● PROBLEM
Return the entries below verbatim. Pictures stay out.

● EXCERPTED RECORDS
*** Begin section ***

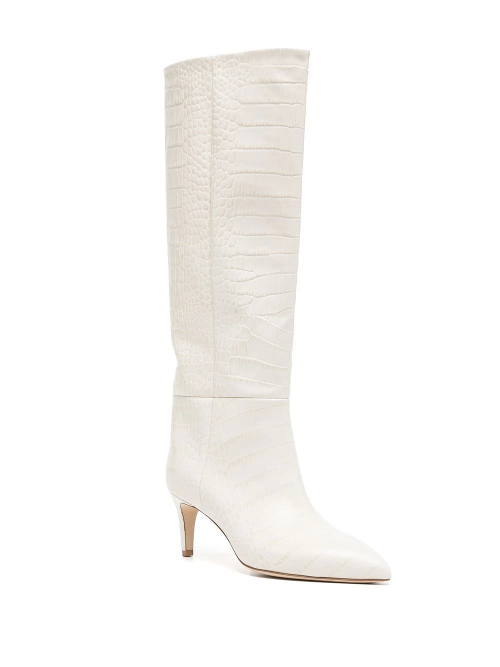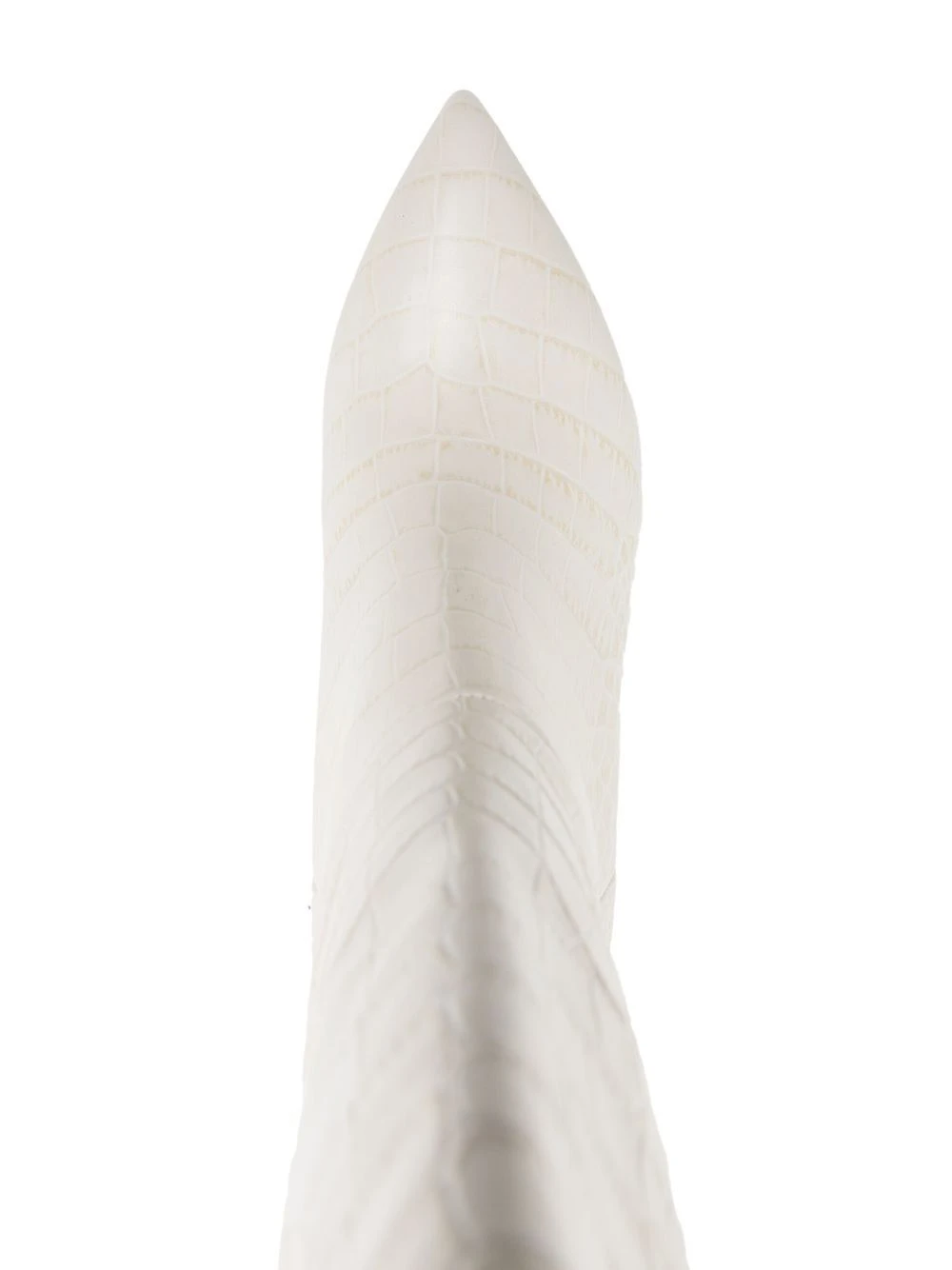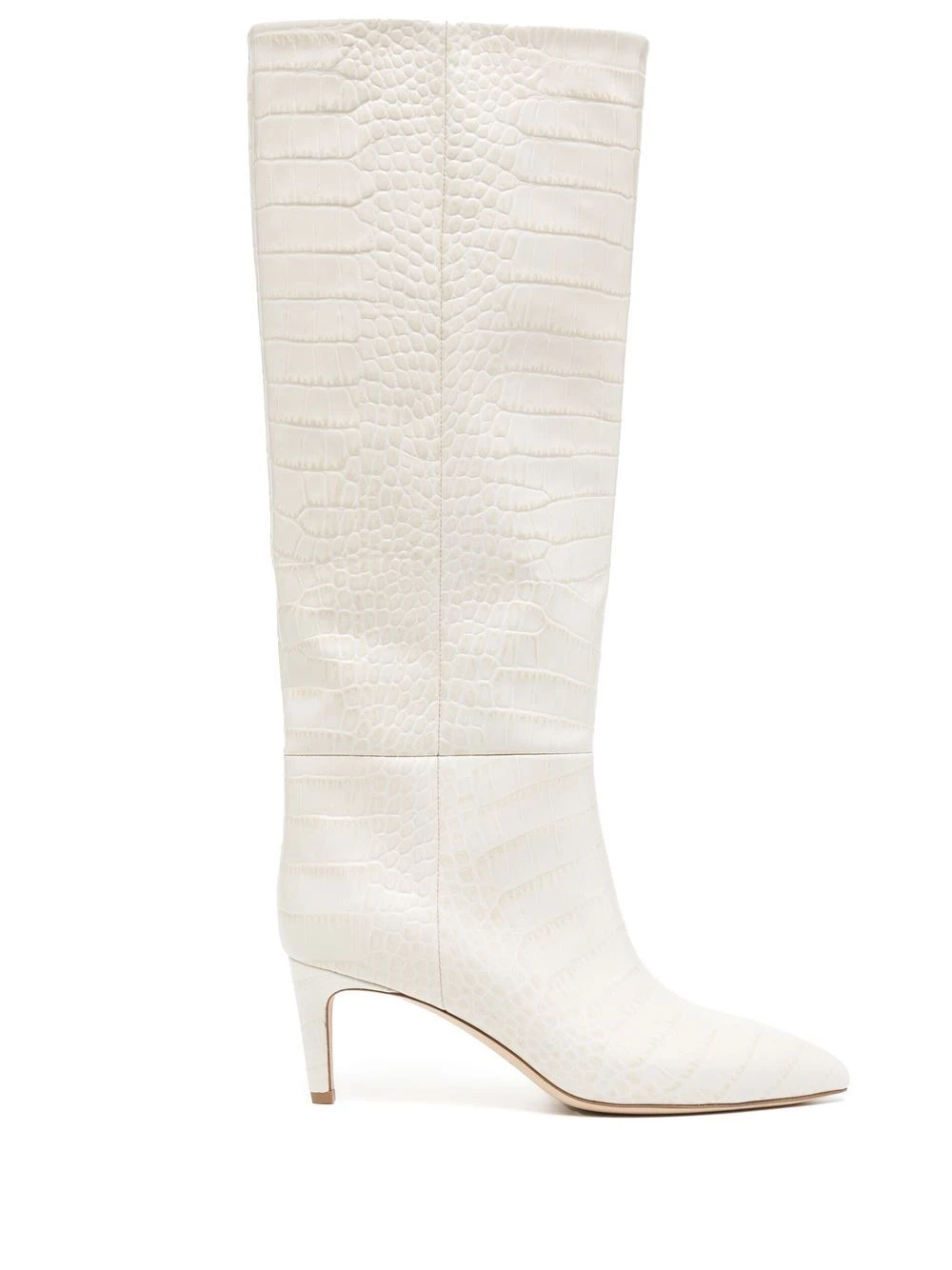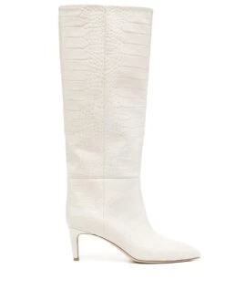 Blanc cassé, effet peau de crocodile, cuir, hauteur genou, bout pointu, talon aiguille.
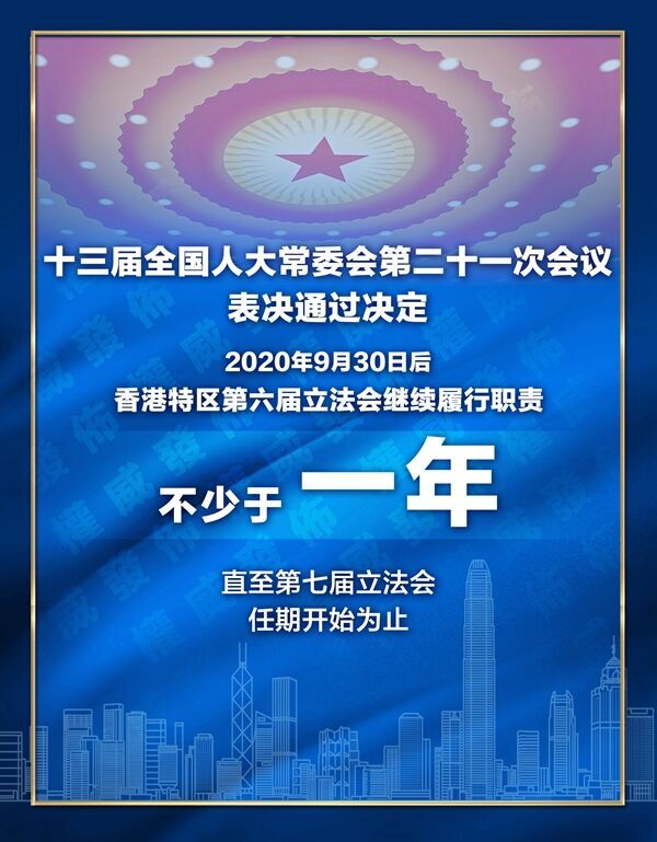 第十三届全国人民代表大会常务委员会第二十一次会议审议了《国务院关于提请全国人民代表大会常务委员会就香港特别行政区第六届立法会继续运作作出决定的议案》。上述议案是应香港特别行政区行政长官向中央人民政府报送的有关报告提出的。香港特别行政区行政长官会同行政会议因应当地新冠肺炎疫情的严峻形势已决定将香港特别行政区第七届立法会选举推迟一年,在此情况下香港特别行政区立法机关将出现空缺。为维护香港特别行政区宪制秩序和法治秩序,确保香港特别行政区政府正常施政和社会正常运行,根据《中华人民共和国宪法》和《中华人民共和国香港特别行政区基本法》的有关规定,全国人民代表大会常务委员会作出如下决定:
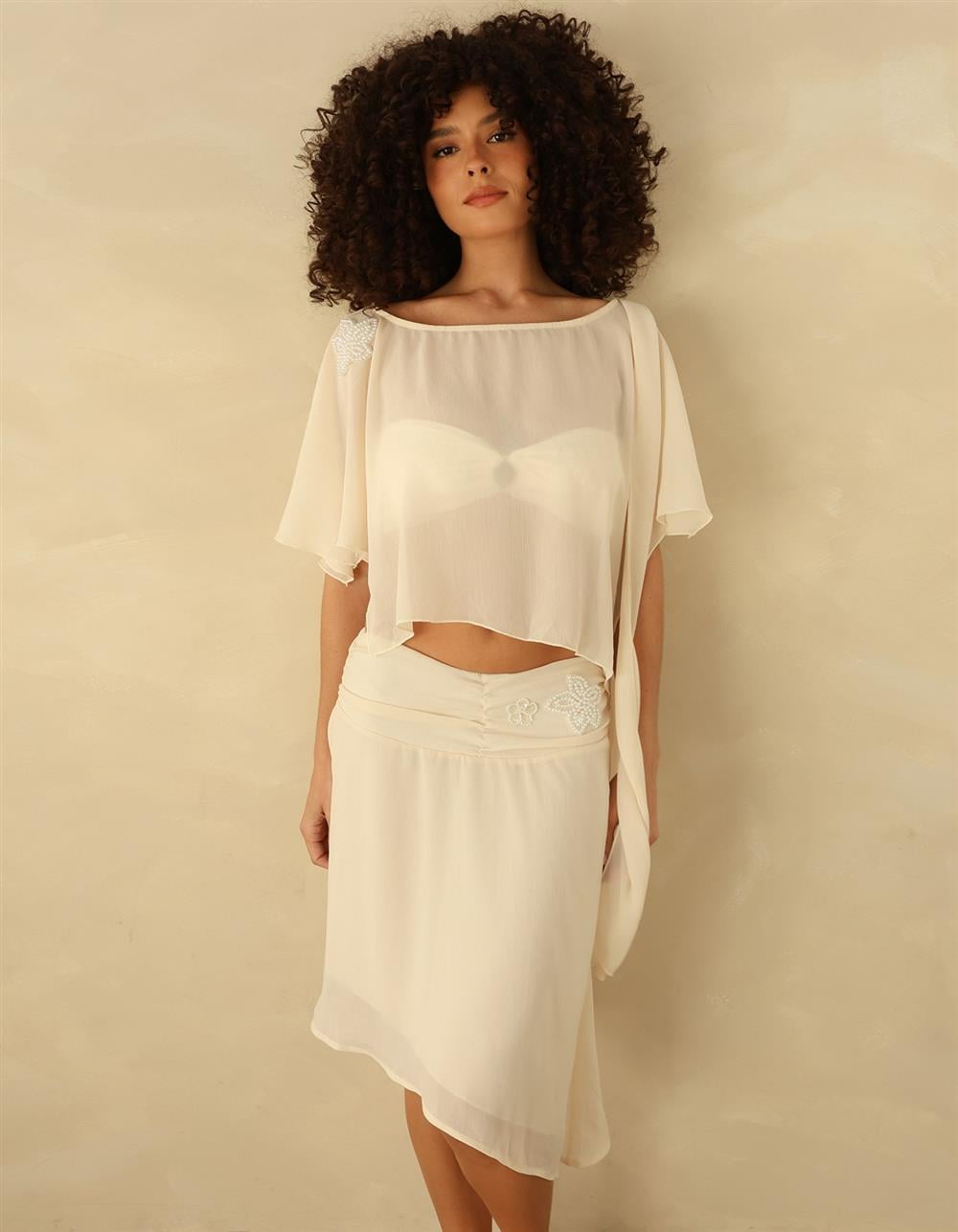 EDIKTED Iona Chiffon Ruffle Mini Skirt - WHITE
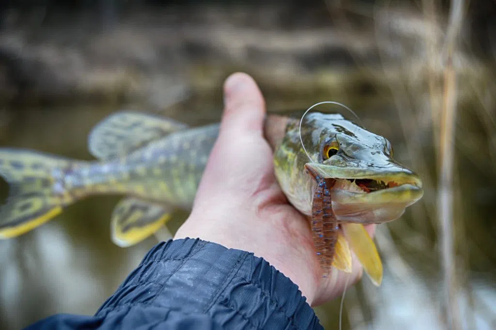 Attachment: Pickerel (pike fish) in hand with the soft bait in jaws. Fishing on wild river, lake.
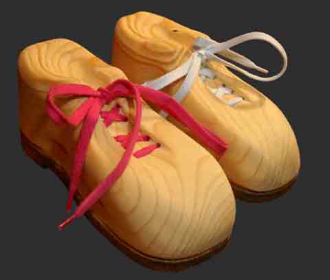 Manchmal ist es so, dass zwei Menschen unbedingt zur gleichen Zeit das Gleiche üben wollen. Hierfür gibt es auch ein Paar Schuhe, d. h. einen linken und einen rechten Turnschuh. Die Schuhe sind wie der vorher beschriebene aus einem Stück Fichten-Vollholz geschnitzt, haben jeweils 6 Paar Senkellöcher und eine mit Dekorwachs gefärbte Sohle. Die Oberseite ist naturbelassen mit Klarwachs behandelt, wodurch die natürliche Haptik des Holzes erhalten bleibt. |
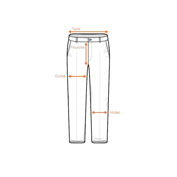 FOURCHE : Placez le ruban à mesurer au centre du pantalon et mesurez du haut du pantalon jusqu’au bas de la fourche.

*** End section ***

● ANSWER SECTION
 Blanc cassé, effet peau de crocodile, cuir, hauteur genou, bout pointu, talon aiguille.
 第十三届全国人民代表大会常务委员会第二十一次会议审议了《国务院关于提请全国人民代表大会常务委员会就香港特别行政区第六届立法会继续运作作出决定的议案》。上述议案是应香港特别行政区行政长官向中央人民政府报送的有关报告提出的。香港特别行政区行政长官会同行政会议因应当地新冠肺炎疫情的严峻形势已决定将香港特别行政区第七届立法会选举推迟一年,在此情况下香港特别行政区立法机关将出现空缺。为维护香港特别行政区宪制秩序和法治秩序,确保香港特别行政区政府正常施政和社会正常运行,根据《中华人民共和国宪法》和《中华人民共和国香港特别行政区基本法》的有关规定,全国人民代表大会常务委员会作出如下决定:
 EDIKTED Iona Chiffon Ruffle Mini Skirt - WHITE
 Attachment: Pickerel (pike fish) in hand with the soft bait in jaws. Fishing on wild river, lake.
 Manchmal ist es so, dass zwei Menschen unbedingt zur gleichen Zeit das Gleiche üben wollen. Hierfür gibt es auch ein Paar Schuhe, d. h. einen linken und einen rechten Turnschuh. Die Schuhe sind wie der vorher beschriebene aus einem Stück Fichten-Vollholz geschnitzt, haben jeweils 6 Paar Senkellöcher und eine mit Dekorwachs gefärbte Sohle. Die Oberseite ist naturbelassen mit Klarwachs behandelt, wodurch die natürliche Haptik des Holzes erhalten bleibt. |
 FOURCHE : Placez le ruban à mesurer au centre du pantalon et mesurez du haut du pantalon jusqu’au bas de la fourche.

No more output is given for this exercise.